Pentecost - Religion and Expressive Culture



Religious Beliefs. The vast majority of ni-Vanuatu today are Christians affiliated with Protestant and Catholic denominations, although beliefs and practices involve novel reworkings of both Christianity and ancestral religion. In the past, religion centered on the sacred character of ancestors. The Sa speakers thought their ancestors were primordial creator beings responsible for the natural and the social world. There was no easy translation of these beliefs into monotheistic Christianity. The ancestors are thought still to exert a continual influence in the world of the living, and the living are often engaged in attempts to please or placate remote or Recent ancestors. The graded society is predicated on a desire to approach a state of ancestral power. As well as the supernatural powers credited to the dead and the living, other supernatural entities are thought to exist. In south Pentecost, these include the spirits of uncultivated ancestral groves, spirits of the men's houses, dwarf spirits inhabiting the forest and river-beds, and a kind of ogre with a special appetite for young children.

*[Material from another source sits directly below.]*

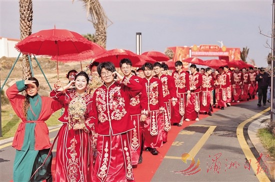 11月21日,秀屿区南日岛婚姻登记处揭牌仪式暨集体婚礼活动在南日岛举行。19对新人参加了独具海岛风情的集体婚礼,享受浪漫时刻。谢孟洁 吴国强 摄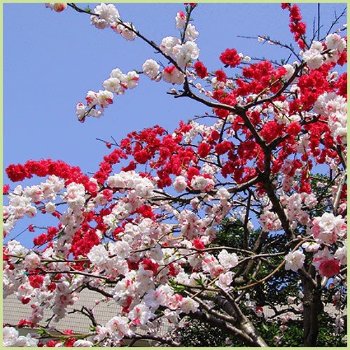 - 花桃(ハナモモ)苗木のサイズ: 約40~50cm(樹高や樹形は、季節や入荷時期により異なります) 開花時期: 3~4月 最大樹高: 1. 5~3m 花色: 白、赤、紅白の咲き分け /花形: 八重咲き 備考: 1年生の苗木です。

Religious Practitioners. Ancestral religion employed some part-time specialists, including priests of agricultural fertility, weather, and war, as well as sorcerers and diviners. Despite the influence of Christianity, priests and sorcerers are still identified, even in Christian communities. They have been complemented by Christian ritual specialists—priests, ministers, and deacons, who are for the most part also men.

Ceremonies. The major traditional ceremonies are birth, circumcision, marriage, grade taking, and death. Of these circumcision and grade taking are by far the most spectacular and protracted. In addition there is the unique rite of land diving, performed annually at the time of the yam harvest. This has become a major tourist spectacle. In popular representation the athletic aspect of diving from a 100-foot tower is emphasized, but the religous aspect is paramount for the Sa speakers, and there is thought to be a direct link between the success of the dive and the quality of the yam harvest. Young men who so desire do the diving, from platforms at increasing heights with lianas tied to their ankles to arrest their fall. The construction and ritual supervision involves older men. Women are not allowed to observe the tower until they dance underneath it on the day of the diving, although myth credits a woman with being the first to devise the practice.

Arts. The major artistic expressions are woven mats and baskets, body decoration, ephemeral ceremonial structures, and, in the past, masks. Musical instruments include plain slit gongs, reed panpipes, and bamboo flutes. Guitars and ukuleles are also played, and local compositions are much influenced by the string-band music heard on radio and cassettes. Music and dance are central to most ceremonies and are constantly being composed and reinterpreted. There is also a huge corpus of myths that are a source of aesthetic delight and are often accompanied by songs.

Medicine. In the past many illnesses were seen as ancestral vengeance for the breaking of rules of sexual and rank segregation. This sometimes took the form of spirit possession requiring exorcism. Other remedies included curative spells, amulets, and the use of a wide pharmacopoeia of herbs and clays. Medicine was often administered within the Household, but if the treatment was unsuccessful the help of diviners might be sought. People are eclectic in integrating traditional and Western medicine, and they will typically try both. There are local dispensaries and some health centers run by missions or the state, and increasingly women are giving birth there. Chronic or serious illness requires removal to a hospital in Santo or Port Vila.

Death and Afterlife. Death is usually seen as the result of attack by ancestors or sorcerers. Close kin cluster in the house of the dying person and stroke him or her, wailing the mourning chant. The body of the deceased is wrapped in Ritual finery and mats and then buried (previously below the house but now outside the village). At death crucial prestations are made to the mother's brother and other matrilateral kin. Mourning consists of dress and food restrictions, which are progressively relaxed until a feast is held on the hundredth day. On the twentieth day the spirit of the dead person is thought to run down the mountain range in the middle of the island and jump through a black cave into Lonwe, the subterranean village of the dead. There all is heavenly: food comes without work, there are constant beautiful melodies to dance to, and sweet perfumes fill the air.